- **Instructions for the task**: Look below for the line with "A winding road"; begin the copy there and stop after the line with "さらに今年は「BAKEオリジ", keeping the text exact and the pictures out.

----- Material for this task -----

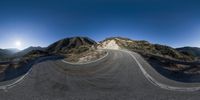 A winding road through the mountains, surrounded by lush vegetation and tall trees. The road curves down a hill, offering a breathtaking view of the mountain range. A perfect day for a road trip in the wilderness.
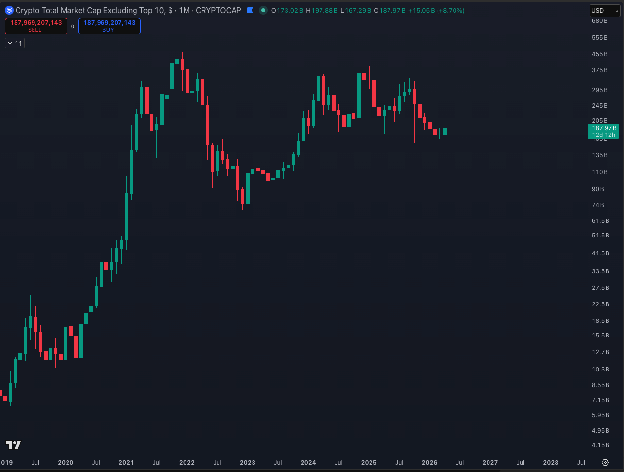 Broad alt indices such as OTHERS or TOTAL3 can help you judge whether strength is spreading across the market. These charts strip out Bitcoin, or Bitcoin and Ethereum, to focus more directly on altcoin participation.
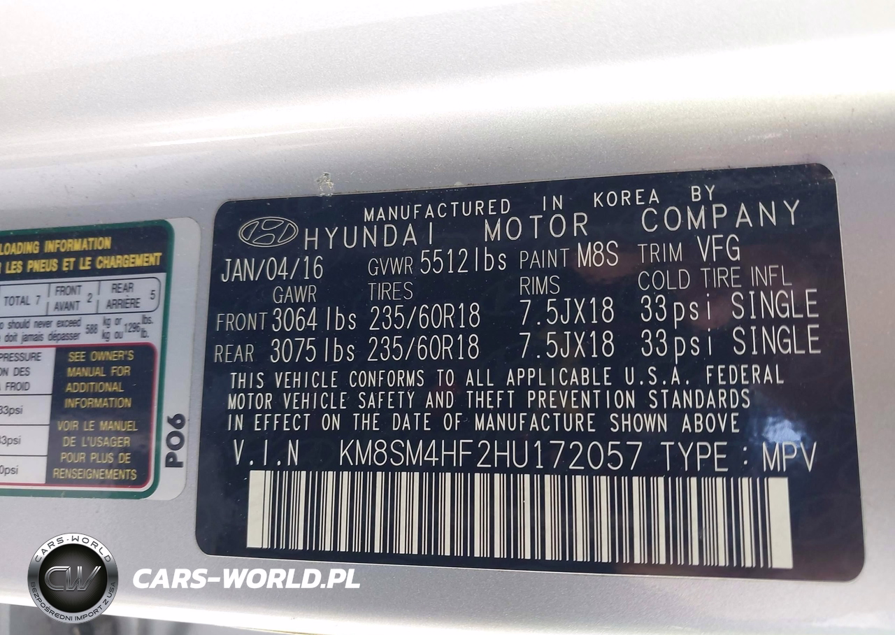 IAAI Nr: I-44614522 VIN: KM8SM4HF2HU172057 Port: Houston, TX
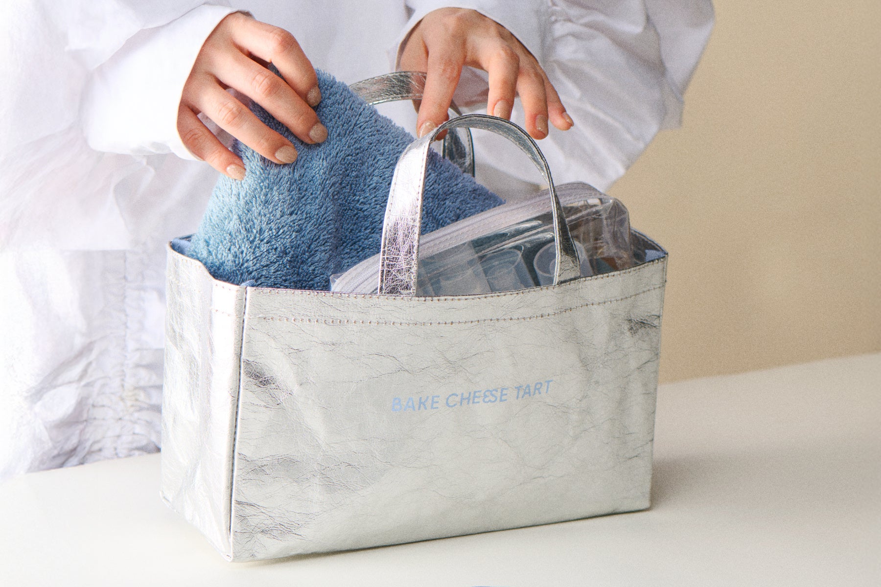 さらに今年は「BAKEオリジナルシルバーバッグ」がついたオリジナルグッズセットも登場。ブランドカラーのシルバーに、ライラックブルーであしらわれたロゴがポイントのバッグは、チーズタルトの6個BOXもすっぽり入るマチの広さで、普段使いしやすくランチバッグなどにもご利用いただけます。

-----
----- Material for this task -----

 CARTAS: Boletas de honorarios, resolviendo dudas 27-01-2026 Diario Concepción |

-----
----- Material for this task -----

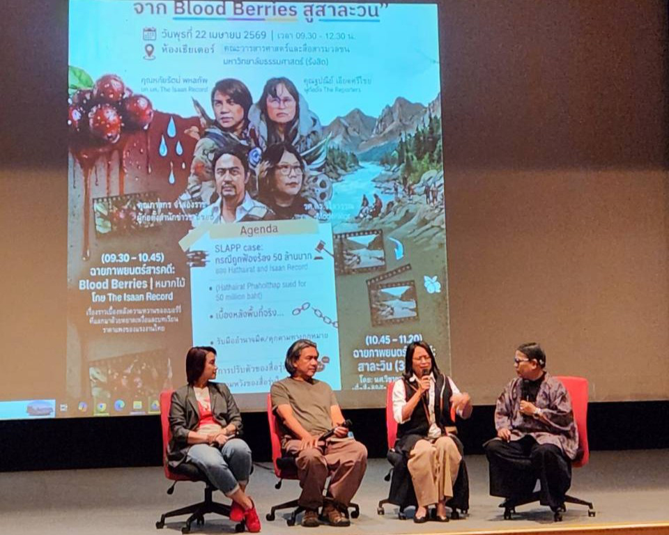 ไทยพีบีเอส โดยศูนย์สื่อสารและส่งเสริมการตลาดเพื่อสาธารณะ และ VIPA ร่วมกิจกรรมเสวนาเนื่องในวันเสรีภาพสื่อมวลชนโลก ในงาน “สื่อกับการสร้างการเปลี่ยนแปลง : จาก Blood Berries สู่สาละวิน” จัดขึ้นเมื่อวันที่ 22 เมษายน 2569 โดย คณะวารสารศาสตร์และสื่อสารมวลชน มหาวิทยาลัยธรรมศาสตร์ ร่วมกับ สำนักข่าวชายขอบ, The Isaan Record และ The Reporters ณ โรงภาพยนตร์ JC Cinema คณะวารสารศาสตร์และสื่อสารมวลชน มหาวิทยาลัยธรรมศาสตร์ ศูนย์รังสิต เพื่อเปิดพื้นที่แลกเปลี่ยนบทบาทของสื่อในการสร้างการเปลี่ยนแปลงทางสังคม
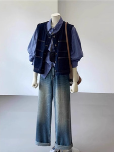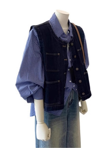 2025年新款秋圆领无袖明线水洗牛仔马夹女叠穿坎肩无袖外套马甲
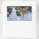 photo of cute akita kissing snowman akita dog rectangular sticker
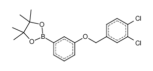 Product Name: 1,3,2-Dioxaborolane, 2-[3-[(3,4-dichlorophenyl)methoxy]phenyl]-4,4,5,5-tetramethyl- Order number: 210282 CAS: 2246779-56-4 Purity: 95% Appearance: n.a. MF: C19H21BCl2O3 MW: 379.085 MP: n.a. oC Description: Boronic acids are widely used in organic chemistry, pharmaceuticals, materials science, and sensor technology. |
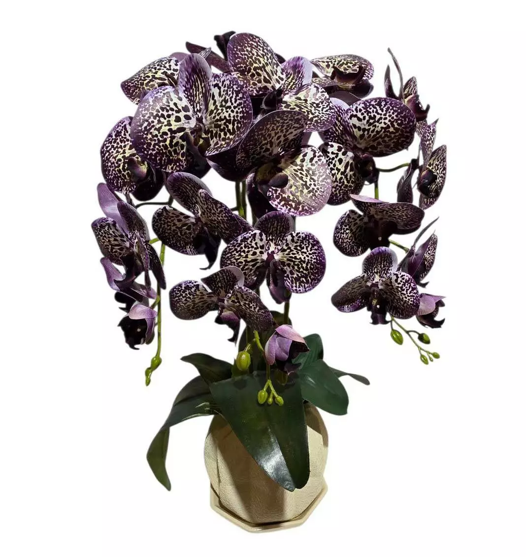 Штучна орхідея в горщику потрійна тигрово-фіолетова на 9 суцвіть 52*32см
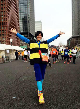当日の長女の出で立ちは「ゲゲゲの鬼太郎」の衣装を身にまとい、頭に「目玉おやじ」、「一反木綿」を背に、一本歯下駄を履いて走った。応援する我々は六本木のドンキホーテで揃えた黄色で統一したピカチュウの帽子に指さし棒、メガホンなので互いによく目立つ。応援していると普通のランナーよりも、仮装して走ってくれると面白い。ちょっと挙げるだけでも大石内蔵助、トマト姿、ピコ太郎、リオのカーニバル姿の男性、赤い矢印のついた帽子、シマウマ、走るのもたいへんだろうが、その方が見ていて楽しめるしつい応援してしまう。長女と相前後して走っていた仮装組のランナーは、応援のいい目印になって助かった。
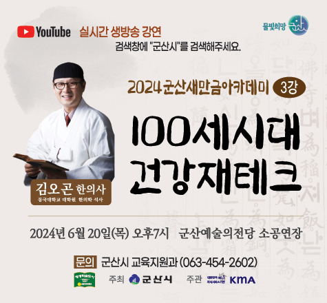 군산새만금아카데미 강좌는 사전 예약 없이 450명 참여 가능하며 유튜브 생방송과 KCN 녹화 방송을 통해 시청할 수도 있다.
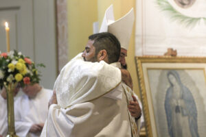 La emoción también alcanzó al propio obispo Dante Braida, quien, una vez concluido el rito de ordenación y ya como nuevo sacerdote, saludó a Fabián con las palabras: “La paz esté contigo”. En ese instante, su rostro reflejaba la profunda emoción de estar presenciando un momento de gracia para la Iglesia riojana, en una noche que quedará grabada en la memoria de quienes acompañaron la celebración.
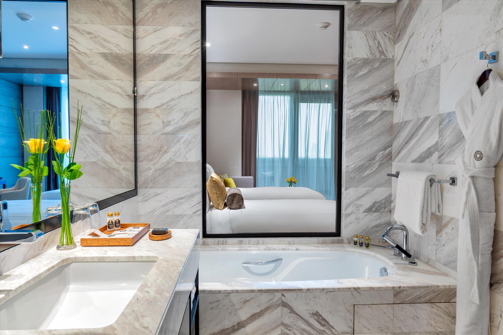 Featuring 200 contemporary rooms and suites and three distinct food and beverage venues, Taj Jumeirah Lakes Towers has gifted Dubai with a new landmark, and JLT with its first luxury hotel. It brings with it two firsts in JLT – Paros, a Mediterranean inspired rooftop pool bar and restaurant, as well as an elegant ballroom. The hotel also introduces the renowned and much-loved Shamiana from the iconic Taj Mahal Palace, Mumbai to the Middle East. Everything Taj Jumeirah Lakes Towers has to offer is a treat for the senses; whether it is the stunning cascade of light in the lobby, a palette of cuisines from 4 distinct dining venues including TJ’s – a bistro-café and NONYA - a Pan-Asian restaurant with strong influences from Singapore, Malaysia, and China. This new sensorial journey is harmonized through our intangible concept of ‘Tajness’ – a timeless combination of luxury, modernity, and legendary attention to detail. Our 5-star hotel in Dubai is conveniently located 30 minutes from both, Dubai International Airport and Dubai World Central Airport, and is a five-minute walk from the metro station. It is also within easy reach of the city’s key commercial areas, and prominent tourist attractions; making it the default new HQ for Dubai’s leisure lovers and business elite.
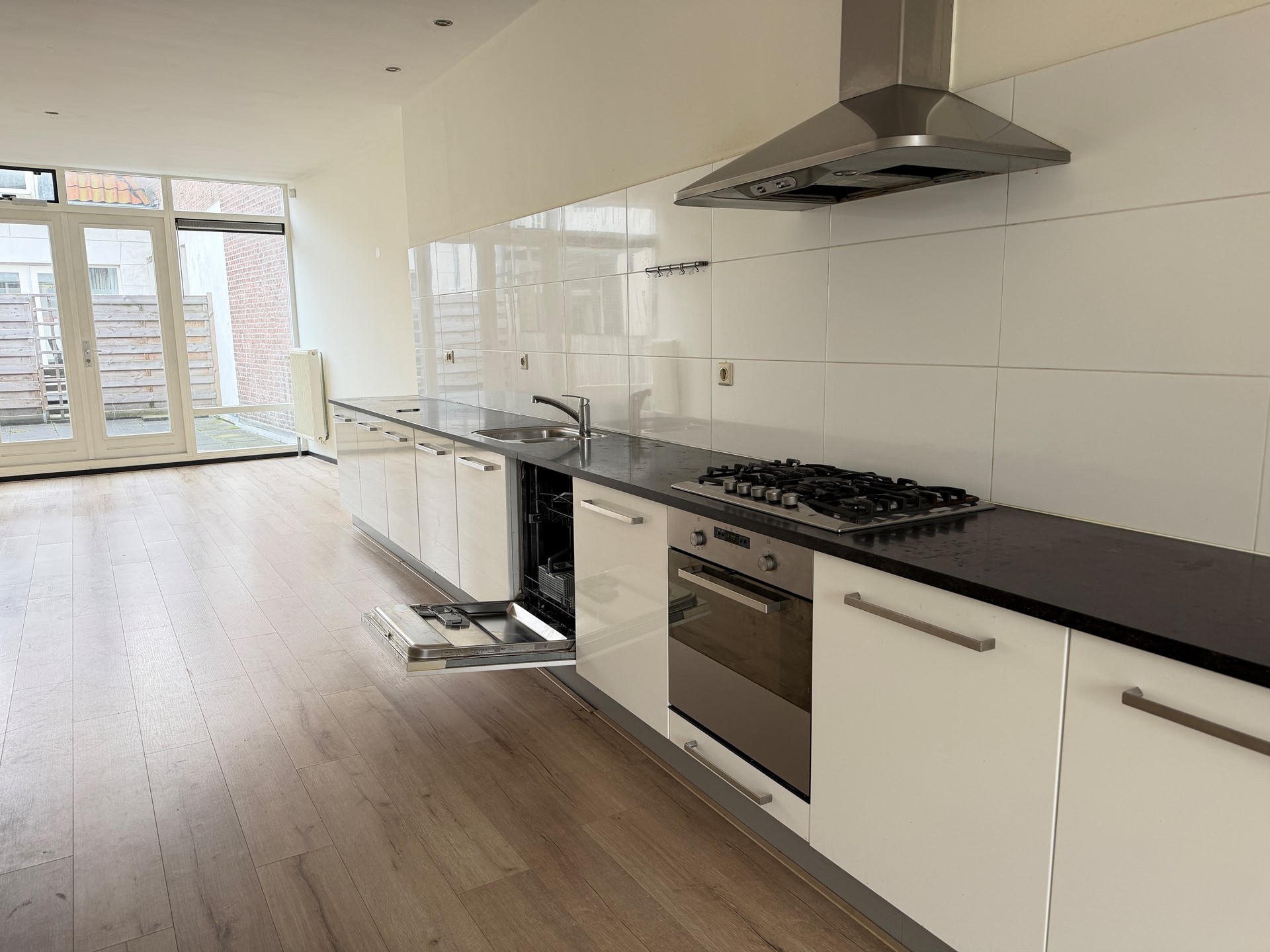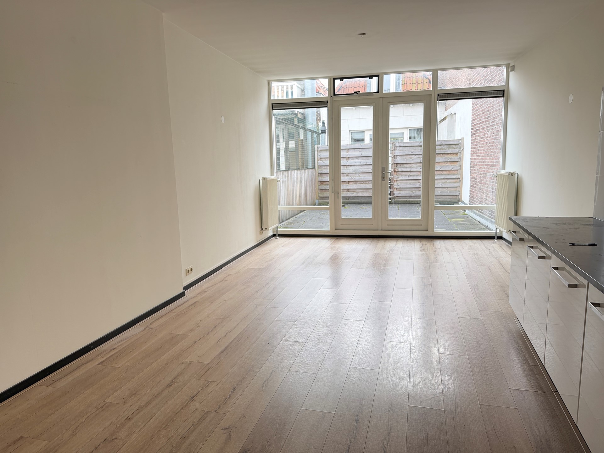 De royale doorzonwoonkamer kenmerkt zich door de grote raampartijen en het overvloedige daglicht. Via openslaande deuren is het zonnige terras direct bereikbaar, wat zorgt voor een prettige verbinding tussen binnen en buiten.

-----

- **Solution for this exercise**:
 A winding road through the mountains, surrounded by lush vegetation and tall trees. The road curves down a hill, offering a breathtaking view of the mountain range. A perfect day for a road trip in the wilderness.
 Broad alt indices such as OTHERS or TOTAL3 can help you judge whether strength is spreading across the market. These charts strip out Bitcoin, or Bitcoin and Ethereum, to focus more directly on altcoin participation.
 IAAI Nr: I-44614522 VIN: KM8SM4HF2HU172057 Port: Houston, TX
 さらに今年は「BAKEオリジナルシルバーバッグ」がついたオリジナルグッズセットも登場。ブランドカラーのシルバーに、ライラックブルーであしらわれたロゴがポイントのバッグは、チーズタルトの6個BOXもすっぽり入るマチの広さで、普段使いしやすくランチバッグなどにもご利用いただけます。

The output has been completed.